[EXERCISE DESCRIPTION] From the first line to the last, transcribe the data exactly and skip the pictures.

[SUPPLIED DATA]
= Beginning of Section =
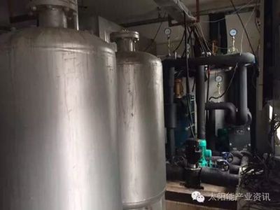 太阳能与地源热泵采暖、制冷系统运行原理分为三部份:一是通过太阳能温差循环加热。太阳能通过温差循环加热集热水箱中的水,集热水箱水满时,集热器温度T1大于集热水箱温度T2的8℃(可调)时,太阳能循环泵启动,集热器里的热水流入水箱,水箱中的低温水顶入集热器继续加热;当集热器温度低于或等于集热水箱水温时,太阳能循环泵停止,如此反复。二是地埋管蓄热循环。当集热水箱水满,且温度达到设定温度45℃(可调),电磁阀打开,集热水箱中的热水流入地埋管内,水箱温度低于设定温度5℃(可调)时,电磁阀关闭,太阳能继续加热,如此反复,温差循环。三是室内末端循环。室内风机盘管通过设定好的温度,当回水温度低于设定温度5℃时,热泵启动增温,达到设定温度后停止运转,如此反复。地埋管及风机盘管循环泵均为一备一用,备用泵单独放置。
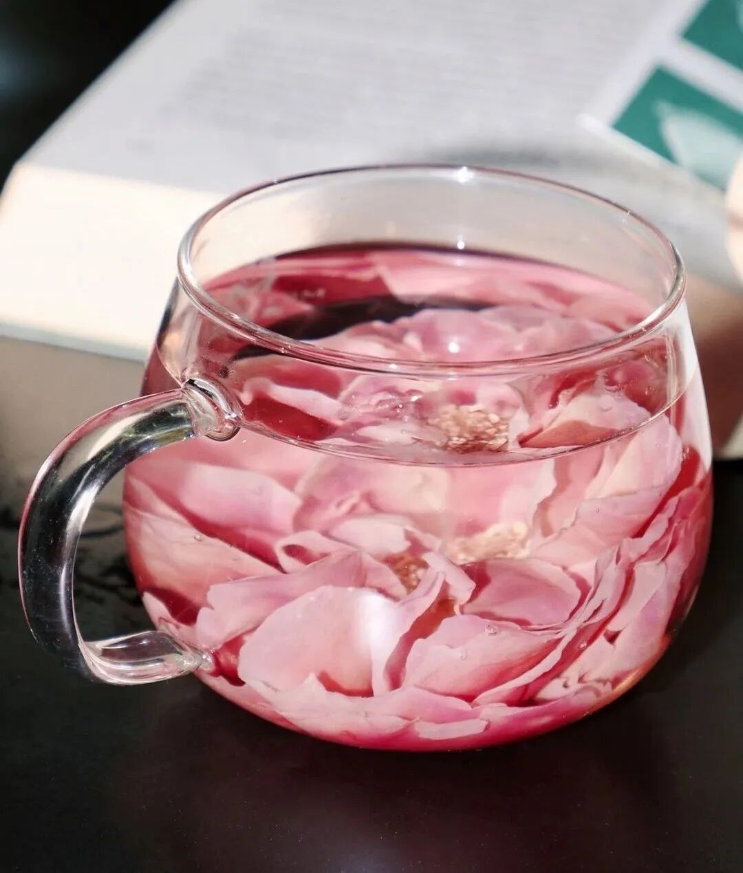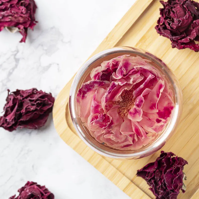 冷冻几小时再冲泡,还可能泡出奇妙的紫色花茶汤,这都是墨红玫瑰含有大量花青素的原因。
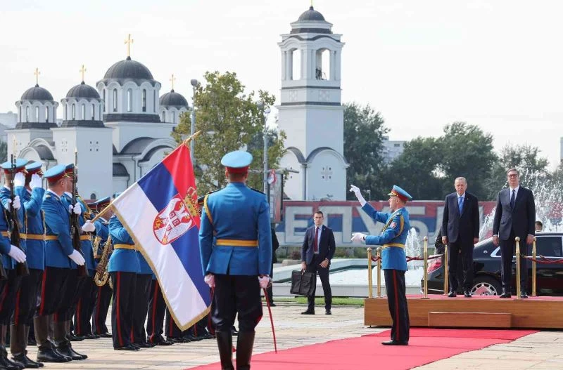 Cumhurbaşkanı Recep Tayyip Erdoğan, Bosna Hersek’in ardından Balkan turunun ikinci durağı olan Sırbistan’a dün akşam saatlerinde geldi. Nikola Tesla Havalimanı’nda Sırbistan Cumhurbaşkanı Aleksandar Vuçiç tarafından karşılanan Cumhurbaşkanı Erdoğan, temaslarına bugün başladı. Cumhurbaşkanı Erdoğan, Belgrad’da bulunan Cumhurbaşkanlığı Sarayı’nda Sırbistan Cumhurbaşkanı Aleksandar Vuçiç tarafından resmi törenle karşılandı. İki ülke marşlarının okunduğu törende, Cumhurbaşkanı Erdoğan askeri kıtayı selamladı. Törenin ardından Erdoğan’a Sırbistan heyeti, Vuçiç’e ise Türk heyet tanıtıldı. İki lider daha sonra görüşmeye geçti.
= End of Section =
[WORKED SOLUTION]
 太阳能与地源热泵采暖、制冷系统运行原理分为三部份:一是通过太阳能温差循环加热。太阳能通过温差循环加热集热水箱中的水,集热水箱水满时,集热器温度T1大于集热水箱温度T2的8℃(可调)时,太阳能循环泵启动,集热器里的热水流入水箱,水箱中的低温水顶入集热器继续加热;当集热器温度低于或等于集热水箱水温时,太阳能循环泵停止,如此反复。二是地埋管蓄热循环。当集热水箱水满,且温度达到设定温度45℃(可调),电磁阀打开,集热水箱中的热水流入地埋管内,水箱温度低于设定温度5℃(可调)时,电磁阀关闭,太阳能继续加热,如此反复,温差循环。三是室内末端循环。室内风机盘管通过设定好的温度,当回水温度低于设定温度5℃时,热泵启动增温,达到设定温度后停止运转,如此反复。地埋管及风机盘管循环泵均为一备一用,备用泵单独放置。
 冷冻几小时再冲泡,还可能泡出奇妙的紫色花茶汤,这都是墨红玫瑰含有大量花青素的原因。
 Cumhurbaşkanı Recep Tayyip Erdoğan, Bosna Hersek’in ardından Balkan turunun ikinci durağı olan Sırbistan’a dün akşam saatlerinde geldi. Nikola Tesla Havalimanı’nda Sırbistan Cumhurbaşkanı Aleksandar Vuçiç tarafından karşılanan Cumhurbaşkanı Erdoğan, temaslarına bugün başladı. Cumhurbaşkanı Erdoğan, Belgrad’da bulunan Cumhurbaşkanlığı Sarayı’nda Sırbistan Cumhurbaşkanı Aleksandar Vuçiç tarafından resmi törenle karşılandı. İki ülke marşlarının okunduğu törende, Cumhurbaşkanı Erdoğan askeri kıtayı selamladı. Törenin ardından Erdoğan’a Sırbistan heyeti, Vuçiç’e ise Türk heyet tanıtıldı. İki lider daha sonra görüşmeye geçti.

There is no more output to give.